_Given material_.
==================================================

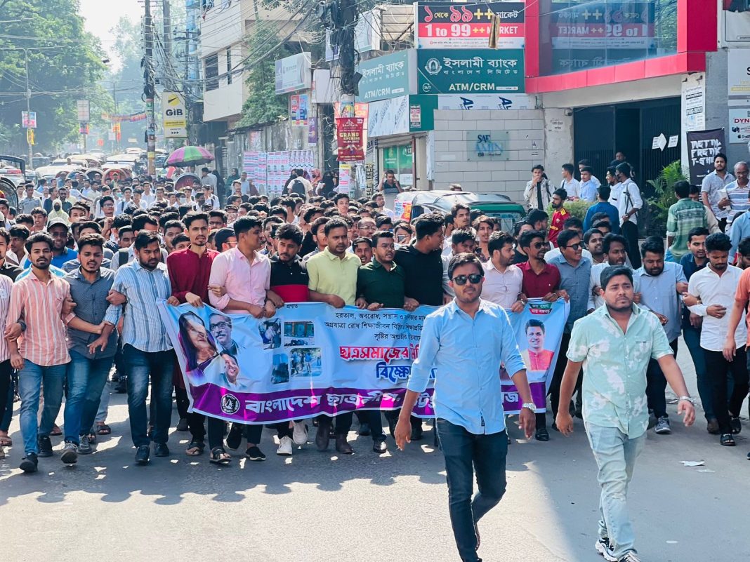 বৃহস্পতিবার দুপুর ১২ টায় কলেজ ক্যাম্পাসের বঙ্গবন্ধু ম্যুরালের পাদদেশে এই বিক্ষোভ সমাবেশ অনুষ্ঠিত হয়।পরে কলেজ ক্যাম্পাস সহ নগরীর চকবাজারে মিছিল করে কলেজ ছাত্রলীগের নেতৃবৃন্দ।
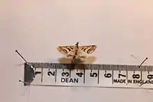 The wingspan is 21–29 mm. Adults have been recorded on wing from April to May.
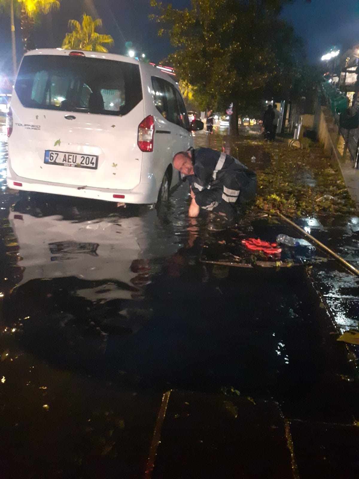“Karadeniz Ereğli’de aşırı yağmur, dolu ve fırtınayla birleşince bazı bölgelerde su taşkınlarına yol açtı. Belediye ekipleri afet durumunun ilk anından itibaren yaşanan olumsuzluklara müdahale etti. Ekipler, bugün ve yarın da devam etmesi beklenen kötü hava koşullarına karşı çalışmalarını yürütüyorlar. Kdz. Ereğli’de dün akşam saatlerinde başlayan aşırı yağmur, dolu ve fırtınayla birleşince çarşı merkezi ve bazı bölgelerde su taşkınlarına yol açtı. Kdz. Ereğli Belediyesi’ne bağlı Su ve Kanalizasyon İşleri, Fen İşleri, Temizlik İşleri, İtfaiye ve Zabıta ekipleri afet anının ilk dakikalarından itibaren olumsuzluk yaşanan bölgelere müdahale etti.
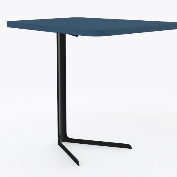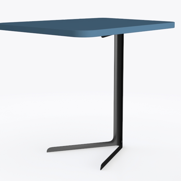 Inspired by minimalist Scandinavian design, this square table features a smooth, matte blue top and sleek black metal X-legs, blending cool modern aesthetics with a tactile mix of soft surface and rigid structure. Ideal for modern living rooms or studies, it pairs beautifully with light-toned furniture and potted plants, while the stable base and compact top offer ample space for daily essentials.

==================================================

_Assigned task_. Nothing but the lines from the first line of the data above through the line holding "The wingspan is" may appear in the response, copied exactly and without pictures.

_Result of the exercise_.
 বৃহস্পতিবার দুপুর ১২ টায় কলেজ ক্যাম্পাসের বঙ্গবন্ধু ম্যুরালের পাদদেশে এই বিক্ষোভ সমাবেশ অনুষ্ঠিত হয়।পরে কলেজ ক্যাম্পাস সহ নগরীর চকবাজারে মিছিল করে কলেজ ছাত্রলীগের নেতৃবৃন্দ।
 The wingspan is 21–29 mm. Adults have been recorded on wing from April to May.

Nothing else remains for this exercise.